GIVEN DATA ->
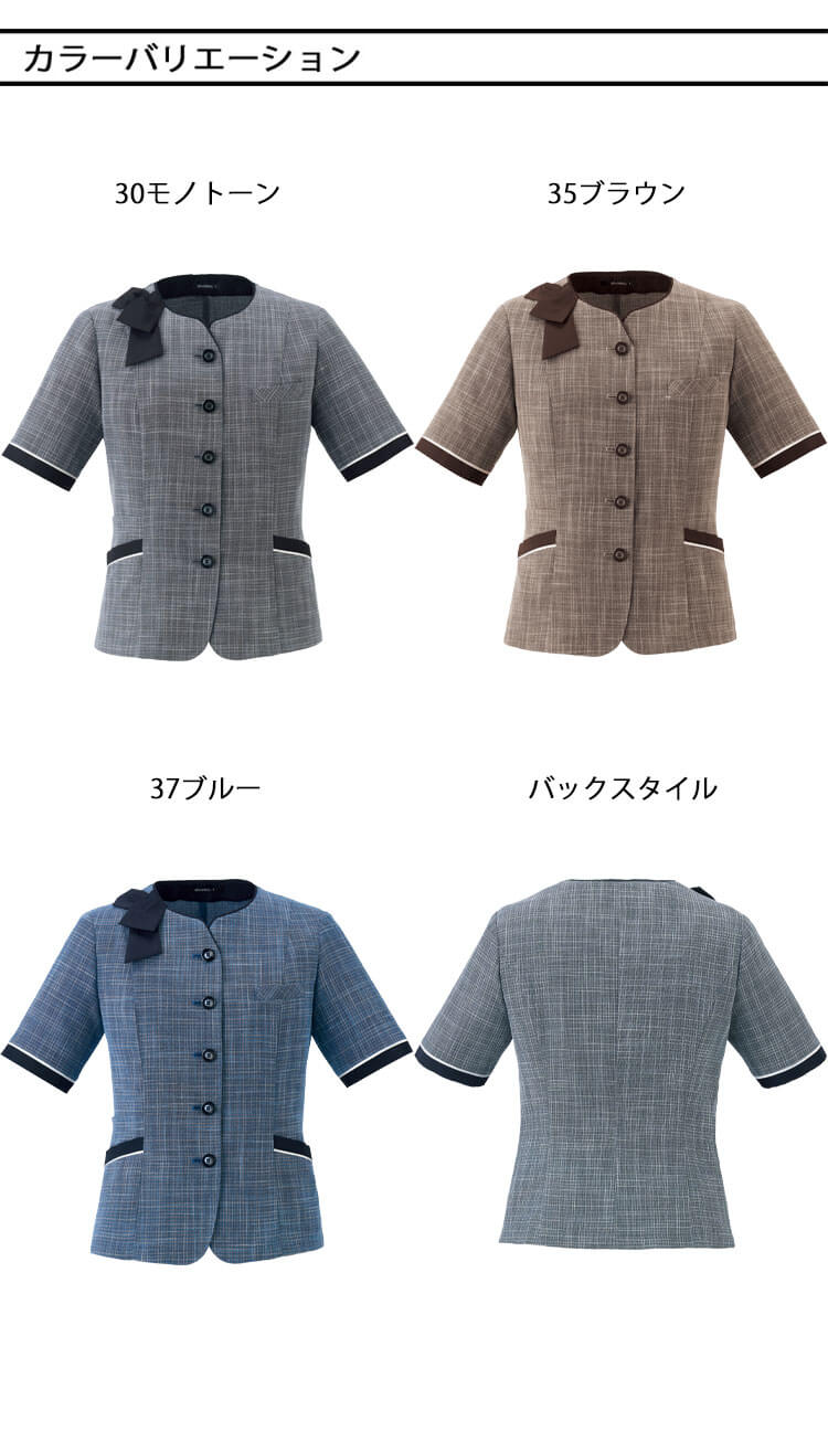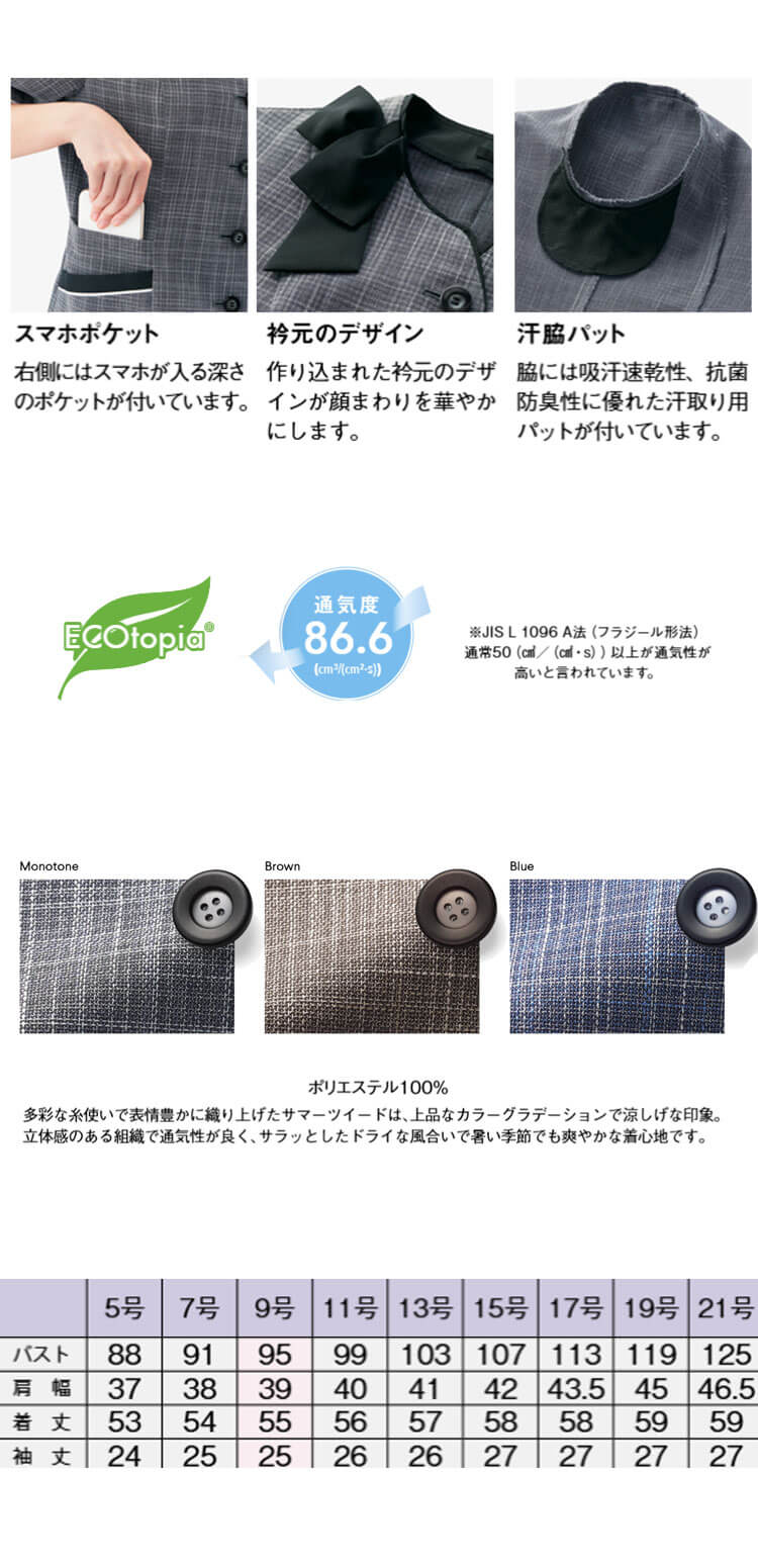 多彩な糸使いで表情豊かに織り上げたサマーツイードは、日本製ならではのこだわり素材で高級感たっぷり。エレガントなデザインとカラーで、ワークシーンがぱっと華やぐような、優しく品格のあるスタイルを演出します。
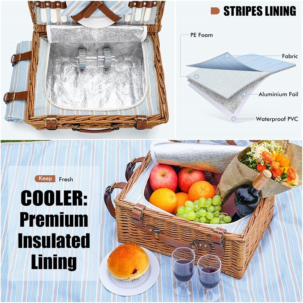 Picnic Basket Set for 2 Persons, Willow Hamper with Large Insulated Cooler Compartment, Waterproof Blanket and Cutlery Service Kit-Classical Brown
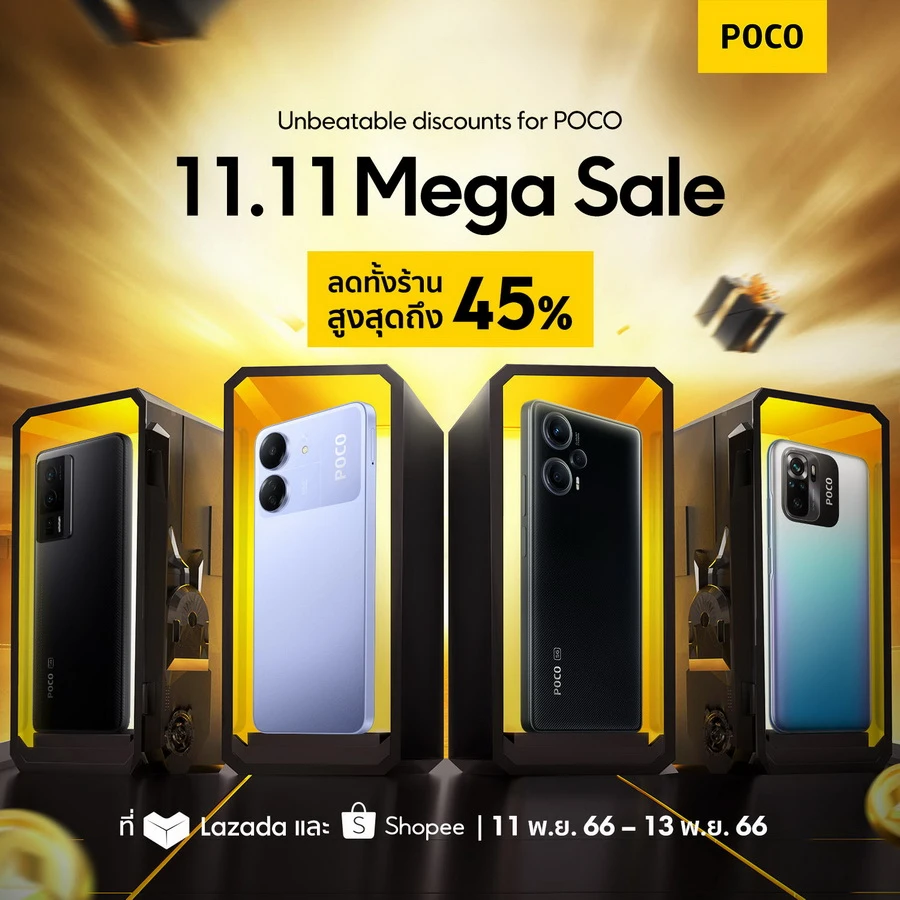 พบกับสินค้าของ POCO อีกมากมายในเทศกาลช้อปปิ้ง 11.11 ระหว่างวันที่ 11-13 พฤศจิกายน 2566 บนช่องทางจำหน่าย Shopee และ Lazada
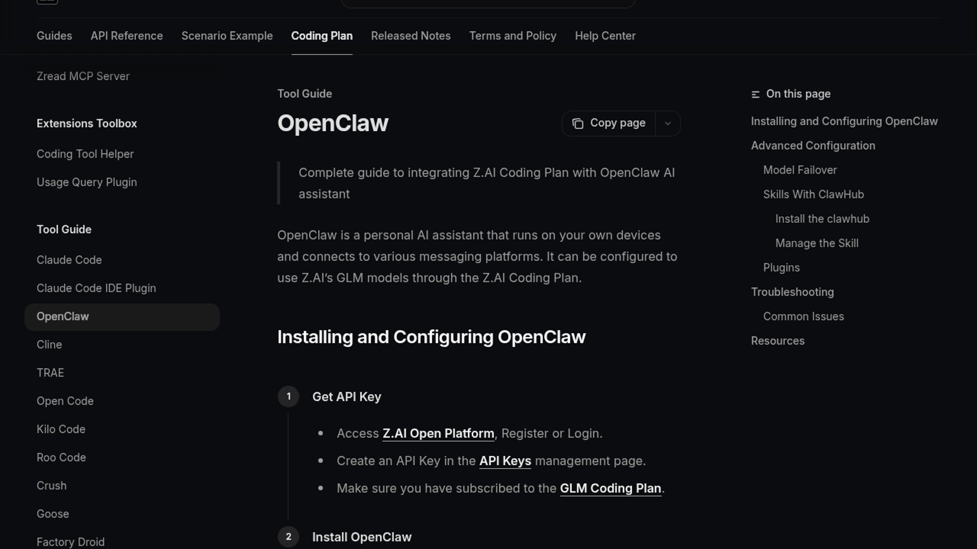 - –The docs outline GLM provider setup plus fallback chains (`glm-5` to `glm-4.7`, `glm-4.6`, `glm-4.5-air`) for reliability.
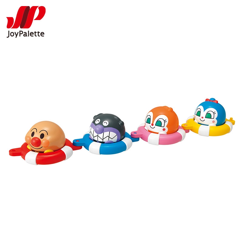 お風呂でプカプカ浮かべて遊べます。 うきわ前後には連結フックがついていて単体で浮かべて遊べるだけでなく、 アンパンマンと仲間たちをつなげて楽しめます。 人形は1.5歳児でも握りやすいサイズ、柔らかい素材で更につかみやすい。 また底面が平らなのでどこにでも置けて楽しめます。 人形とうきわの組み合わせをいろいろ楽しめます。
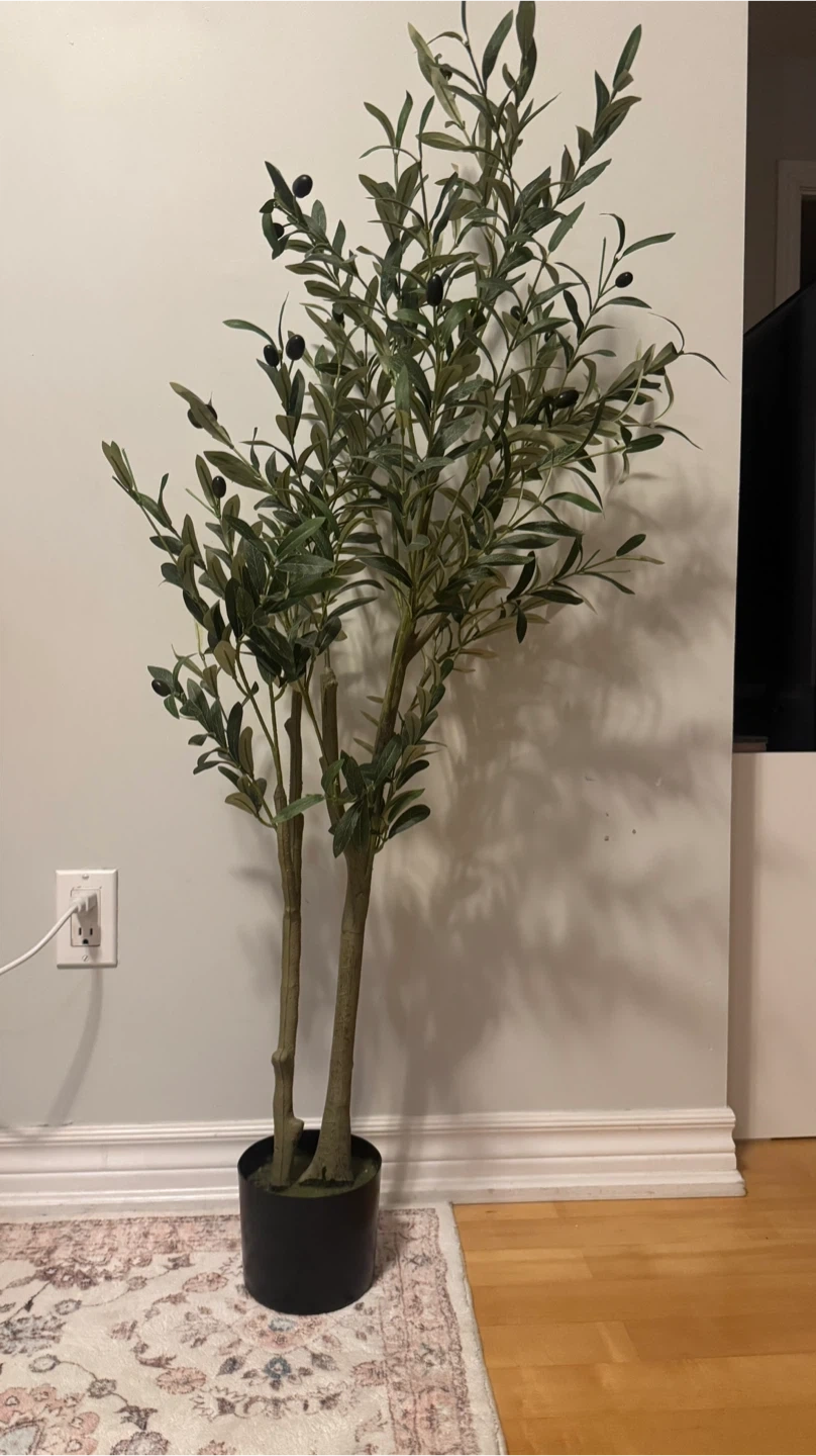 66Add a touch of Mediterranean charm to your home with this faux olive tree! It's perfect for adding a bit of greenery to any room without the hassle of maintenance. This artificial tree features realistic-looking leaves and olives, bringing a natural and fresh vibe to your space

WHAT YOU ARE ASKED TO DO -> The lines to write out run from the one containing "- –The docs" through the final line of the material above, both included; write them out exactly, with no pictures.

EXERCISE RESULT ->
 - –The docs outline GLM provider setup plus fallback chains (`glm-5` to `glm-4.7`, `glm-4.6`, `glm-4.5-air`) for reliability.
 お風呂でプカプカ浮かべて遊べます。 うきわ前後には連結フックがついていて単体で浮かべて遊べるだけでなく、 アンパンマンと仲間たちをつなげて楽しめます。 人形は1.5歳児でも握りやすいサイズ、柔らかい素材で更につかみやすい。 また底面が平らなのでどこにでも置けて楽しめます。 人形とうきわの組み合わせをいろいろ楽しめます。
 66Add a touch of Mediterranean charm to your home with this faux olive tree! It's perfect for adding a bit of greenery to any room without the hassle of maintenance. This artificial tree features realistic-looking leaves and olives, bringing a natural and fresh vibe to your space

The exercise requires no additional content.